Vaughan Public Libraries (VPL) is a public library system consisting of twelve libraries in the city of Vaughan in Ontario, Canada. It has a collection of more than 534,000 items and serves over 1.7 million visitors a year. VPL has twelve branch locations, including three resource libraries. The Bathurst Clark Resource Library opened in 1994. Pierre Berton Resource Library opened in 2004. The newest resource library, Civic Centre Resource Library, opened in May 2016, and houses VPL’s administration offices. The latest branch, VMC Library (located in Vaughan Metropolitan Centre), opened to the public in June 2022. VPL serves the growing multicultural community of Vaughan by offering collections in Chinese, Gujarati, Hebrew, Hindi, Italian, Korean, Malayalam, Portuguese, Persian, Punjabi, Russian, Spanish, Tamil, Urdu, and Vietnamese, in addition to French and English.

The current Chief Executive Officer of Vaughan Public Libraries is Margie Singleton.

Branches 

The branches of Vaughan Public Library are:

A  library will open at the Cortellucci Vaughan Hospital in late 2021.

The Maple Library and the community centre in which it is located underwent renovations in June 2021 and reopened in April 2022. Upgrades and additions include accessibility features, free Wi-Fi, and an outdoor reading garden.

Membership 
Free library memberships are available for those who live, work, attend school full-time or own property in the city of Vaughan. VPL also offer free membership to members of Aurora Public Library, Brampton Library, Caledon Public Library, King Township Public Library, Newmarket Public Library, Richmond Hill Public Library, and Markham Public Library. All other people may acquire a membership by paying an annual fee of $80.00.

Services 
Members of Vaughan Public Libraries have access to a diverse collection of resources including books, media, electronic databases, and other library services.
Information and reference services
Access to full text databases
Community information
Internet access
Reader's advisory services
Programs for children, youth and adults
 Delivery to homebound individuals
 Interlibrary loan
 Free downloadable audiobooks
 WiFi Access
 Public Microsoft Office workstations
 Email Librarian
 AskON live chat research help services
 Business resources
 Community information
 Job/Career resources
 Access to full-text databases
 Computer training suite and boardroom
 Meeting room rentals
 Exam proctoring
 Study rooms
 Volunteer opportunities
 Photocopiers/Printers available
 Adult Basic Literacy
 English as a Second Language
 Overdrive Digital Collection
 Multilingual Collections

Borrowing privileges 
Holdings are loaned to a patron for a period of time dependent on the type of item borrowed:

Special collections
Special collections at VPL include:

Adult Basic Literacy – This is a collection for adult learners.  It includes books, kits of books and audio, Internet links, and databases.  Adult Basic Literacy collections are available at all locations.

Black Heritage - Vaughan Public Libraries' Black Heritage Collection was begun on February 25, 1989.  It was the first of its kind in York Region, and is housed at Dufferin Clark Library.
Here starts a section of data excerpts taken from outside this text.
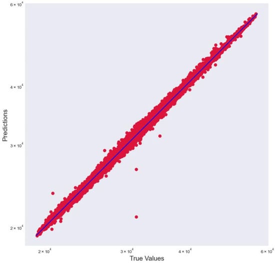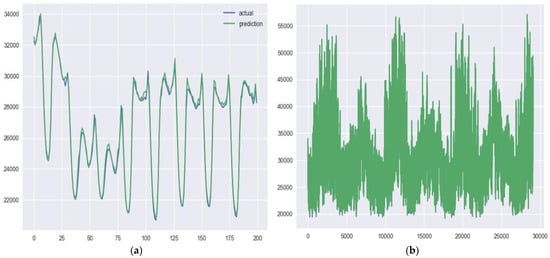 The 10 most successful studies according to MAE, RMSE, and R2_score indices are listed in Table 7. In all these experiments, the epoch value was taken as 50. The most successful study was obtained with the BiLSTM model, the ReLU activation function, and the Adam optimization function. In the study, a value of 0.9976 was reached for R2. Another study using the same dataset reached an R2 value of 0.9913, which was presented as the highest value obtained []. Another study using the same dataset reached an R2 value of 0.98 []. In a similar study, applying random hyperparameter optimisation to the LSTM model reduced the error rate to below 1.5% []. The graph of the real and predicted values of the first 200 and 30,000 values of this model can be seen in Figure 15a,b. Figure 16 shows how close the predictions are to the real value line. In other models, the success ranking decreases from the highest to the lowest.
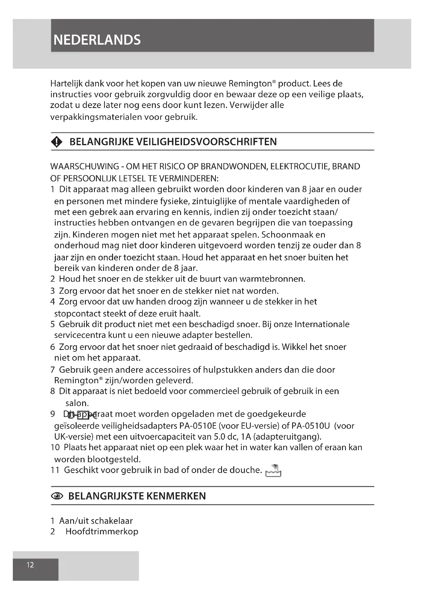 WAARSCHUWING - OM HET RISICO OP BRANDWONDEN, ELEKTROCUTIE, BRAND OF PERSOONLIJK LETSEL TE VERMINDEREN: 1 Dit apparaat mag alleen gebruikt worden door kinderen van 8 jaar en ouder en personen met mindere fysieke, zintuiglijke of mentale vaardigheden of met een gebrek aan ervaring en kennis, indien zij onder toezicht staan/ instructies hebben ontvangen en de gevaren begrijpen die van toepassing zijn. Kinderen mogen niet met het apparaat spelen. Schoonmaak en onderhoud mag niet door kinderen uitgevoerd worden tenzij ze ouder dan 8 jaar zijn en onder toezicht staan. Houd het apparaat en het snoer buiten het bereik van kinderen onder de 8 jaar. 2 Houd het snoer en de stekker uit de buurt van warmtebronnen. 3 Zorg ervoor dat het snoer en de stekker niet nat worden. 4 Zorg ervoor dat uw handen droog zijn wanneer u de stekker in het stopcontact steekt of deze eruit haalt. 5 Gebruik dit product niet met een beschadigd snoer. Bij onze Internationale servicecentra kunt u een nieuwe adapter bestellen. 6 Zorg ervoor dat het snoer niet gedraaid of beschadigd is. Wikkel het snoer niet om het apparaat. 7 Gebruik geen andere accessoires of hulpstukken anders dan die door Remington® zijn/worden geleverd. 8 Dit apparaat is niet bedoeld voor commercieel gebruik of gebruik in een salon. 9 Dit apparaat moet worden opgeladen met de goedgekeurde geïsoleerde veiligheidsadapters PA-0510E (voor EU-versie) of PA-0510U (voor UK-versie) met een uitvoercapaciteit van 5.0 dc, 1A (adapteruitgang). 10 Plaats het apparaat niet op een plek waar het in water kan vallen of eraan kan worden blootgesteld. 11 Geschikt voor gebruik in bad of onder de douche.
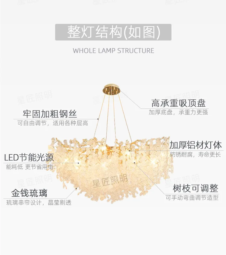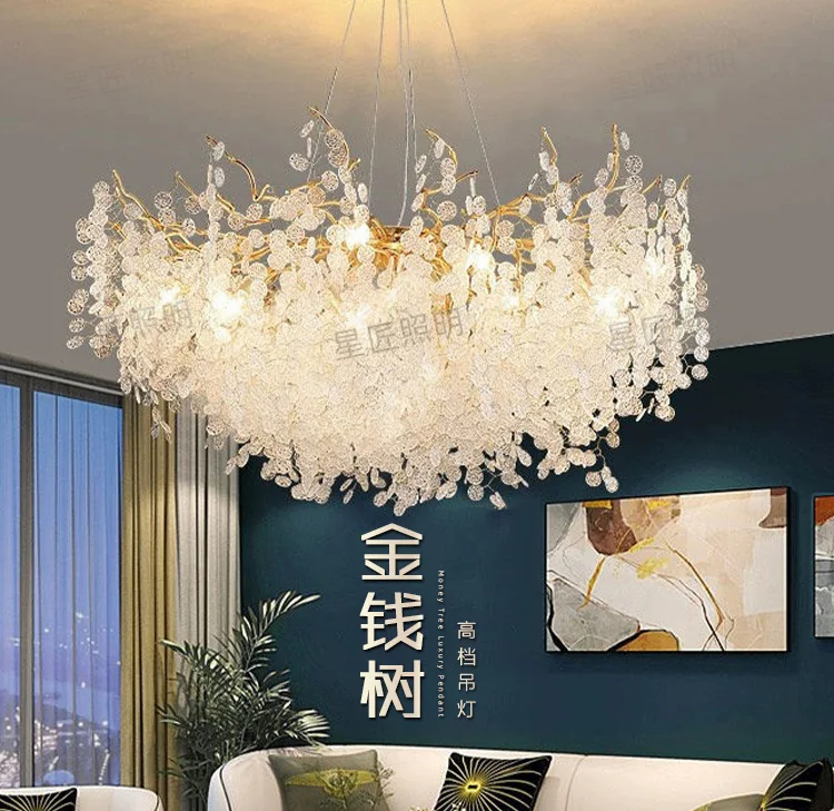 High-end atmosphere crystal lamp personality money tree chandelier light luxury living room bedroom dining room villa lighting
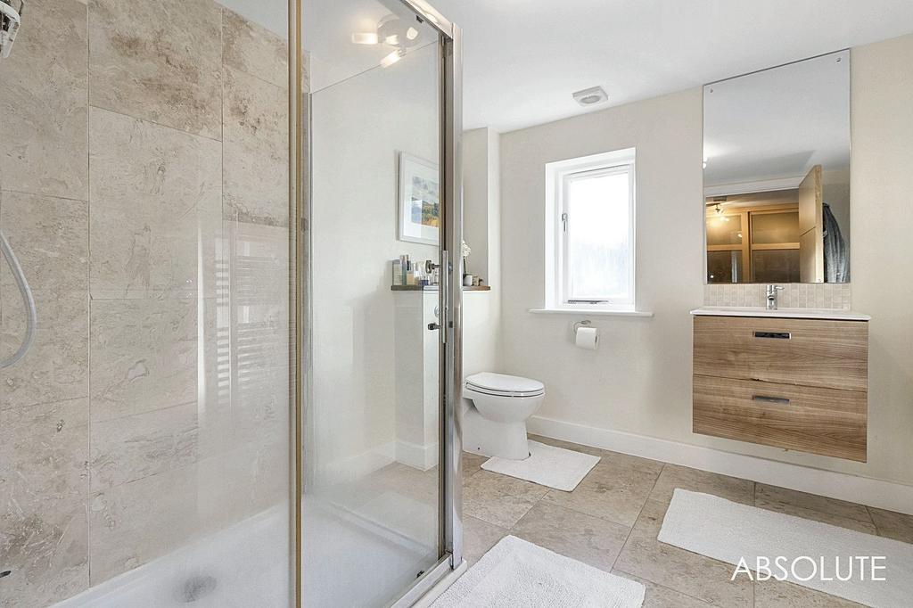 The staircase rises to an impressive galleried first-floor landing with useful storage/linen cupboard. The principal suite is a standout feature of the property: a spacious double bedroom with two Velux roof windows and an additional front window, creating a wonderfully bright retreat. A dressing room with fitted wardrobes leads through to a stylish en suite, fitted with a large walk-in shower with thermostatic control, wall-hung vanity unit with inset basin, WC with concealed cistern and obscured double-glazed window.

Cinema Collection - This collection is housed at Pierre Berton Resource Library and Bathurst Clark Resource Library.  It features the work of important directors from around the world and films not made by the major studios or with big Hollywood budgets.  Award-winning films from world cinema festivals can be found in this collection.

English as a Second Language – This collection includes books, DVDs, and kits of books and audio or CD-ROM to meet the needs English Language learners.  Of particular note are book chat sets of short novels at various learning levels, and TOEFL, IELTS, and other test preparation materials.

Government Documents – Housed at the Bathurst Clark Resource Library, the Government Documents collection offers access to Federal and Provincial Government documents, including statistics, policy and research papers, and other historical records.

Local Studies – This collection is especially useful for genealogists, those wishing to construct family trees, and local researchers needing access to current and historical municipal documents.  The Local Studies Collection assists contains information concerning the history of Vaughan as a township, a town and finally a city. This collection now features VPL’s first digital local history project “Villages to City: An Oral History of Vaughan”.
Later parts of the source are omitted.